Pinnacle Peak Recovery is a mental health and substance use treatment provider located in Scottsdale, Arizona.

If the following values are important to you then you will be a great fit for our company culture.

  • Compassion
  • Fun
  • Collaborate
  • Integrity

Our hiring process is centered around our core values. We do this to ensure a good culture fit, which in turn creates an unmatched work environment. With our comprehensive onboarding process and support staff you will feel:

Informed - Confident - Empowered - "Ice Ice Baby!"

Our program focuses on a comprehensive and holistic approach to overcoming addiction and mental health disorders in a safe, confidential, and supportive environment. We offer nationally recognized, evidence-based treatment options including MAT. Our clinic aspires to the highest level of care and is proud to have received accreditation from the Joint Commission on Accreditation of Healthcare Organizations (JCAHO).

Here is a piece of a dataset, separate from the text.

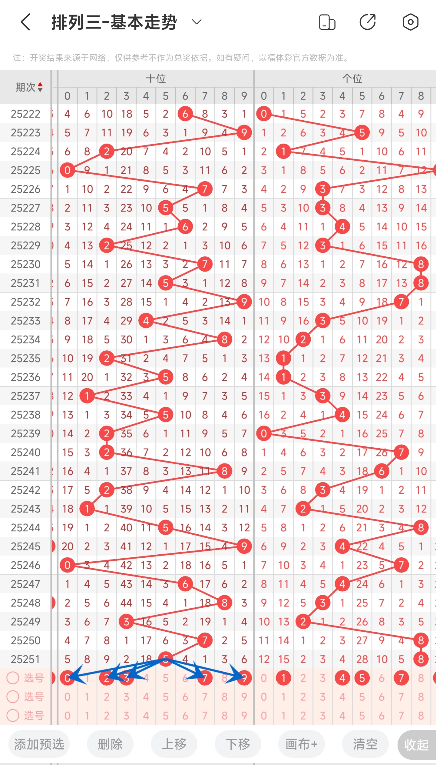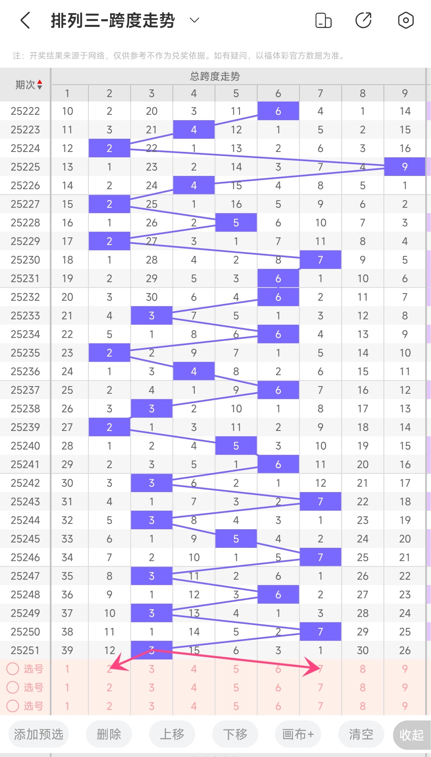 上期跨度为3,往前一期跨度是7,往左移动了4个点,偏移量为4。跨度值为3时,跨度值是近30期内开出的较小位置的值。通过走势图分析,目前的趋势是大概率往右,小概率继续往左。所以推测本期跨度可能为25678等跨度。

We provide an excellent compensation and benefits package for full-time employees, including 401(k) program, PTO, medical, dental, vision insurance and professional liability insurance.

Position Overview:

The Utilization Review Coordinator is an analytical, detail-oriented and organized professional responsible for all Utilization Review functions. The UR Coordinator is responsible for, but not limited to pre-certification, and initial and concurrent reviews for client’s treatment. This position works as part of the billing team and closely with the clinical and medical teams to act as a liaison between Pinnacle Peak Recovery and the insurance organizations.

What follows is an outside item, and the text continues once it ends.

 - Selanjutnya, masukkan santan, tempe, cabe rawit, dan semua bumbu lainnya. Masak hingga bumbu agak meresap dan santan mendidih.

Duties and Responsibilities:

  • Reviews benefit verification with insurance organizations for covered services and precertification requirements.
  • Inputs reviews into the Utilization Review calendar to ensure timely scheduling of reviews.
  • Gather and analyze all information in client chart.
  • Ability to review client records in depth and work with treatment team to gather required medical and clinical information to support client's admission and continued stay.
  • Working knowledge of DSM IV Axis I-V, DSM V, ICD-10 and ASAM criteria.
  • Broad understanding of dual-diagnosis issues and treatment protocols.
  • Assess and distinguish levels of care for clients based on clinical and medical assessments and information using ASAM criteria.
  • Coordinates obtaining signed releases of information for the patient to facilitate timely communication of clinical and medical information.
  • Complete initial and concurrent reviews with insurance organizations as scheduled to ensure client level of care authorization and length of stay.
  • On an ongoing basis, identify potential review problems and discuss them with supervisor and applicable departments.
  • Coordinates peer to peer and/or doctor to doctor reviews with insurance organizations and medical and/or clinical treatment team.
  • Document contact and outcomes of reviews with insurance organizations as indicated in a timely manner.
  • Completes retro authorization appeals as needed.
  • Creates, maintains, and tracks various utilization review reports.
  • Able to interact with diverse client population.
  • Assists with completing various client assessments.
  • Assists with various chart audits and reports.
  • Occasionally assists with insurance Verification of Benefits.
  • Participate in department in-service/training programs and various staff meetings.
  • Attend continuing education classes to maintain license and/or certification, if applicable.
  • Complete special assignments and responsibilities as requested by supervisor.
  • Performs other duties as assigned.


Skills and Abilities:

  • Strong communication, including writing, speaking and active listening.
  • Strong problem-solving and critical thinking skills.
  • In-depth knowledge of insurance and best practices.
  • Must be detail oriented and familiar with databases and extrapolating data.
  • Strong interpersonal, organization, analytical, time management and prioritization abilities.
  • Strong teamwork and organizational awareness.
  • Excellent judgment and initiative.
  • Functions as a core member of the health care team.
  • Regularly communicate with other team members and interface in a positive, constructive, and helpful manner to promote collaboration, cohesiveness, reduce conflict, and provide for resolution.
  • Able to work under pressure and meet deadlines as well as be flexible and dependable.
  • Demonstrate the ability to understand and react effectively to the unique needs of the clients and team.
  • Strong writing skills and understanding of clinical and medical terminology.
  • Understanding of CPT, HCPCS, Revenue Codes, and insurance procedure guidelines.
  • Strong understanding of DSM IV Axis I-V, DSM V, ICD-10 and ASAM criteria.
  • Knowledge of Joint Commission standards.
  • Strong knowledge and compliance of HIPAA, ethic, and legal protocols.
  • Basic math and strong computer skills (Billing systems, Email, Microsoft Office Word, Excel, Teams, etc.)
  • Ability to use standard office equipment such as copier, fax machine and other equipment as required.


Education and Requirements:

  • High School Diploma or GED equivalent required.
  • Minimum 2 years’ experience working in Utilization Review.
  • Professional Counselor (LPC) Registered Nurse (RN), Nurse Practitioner is preferred.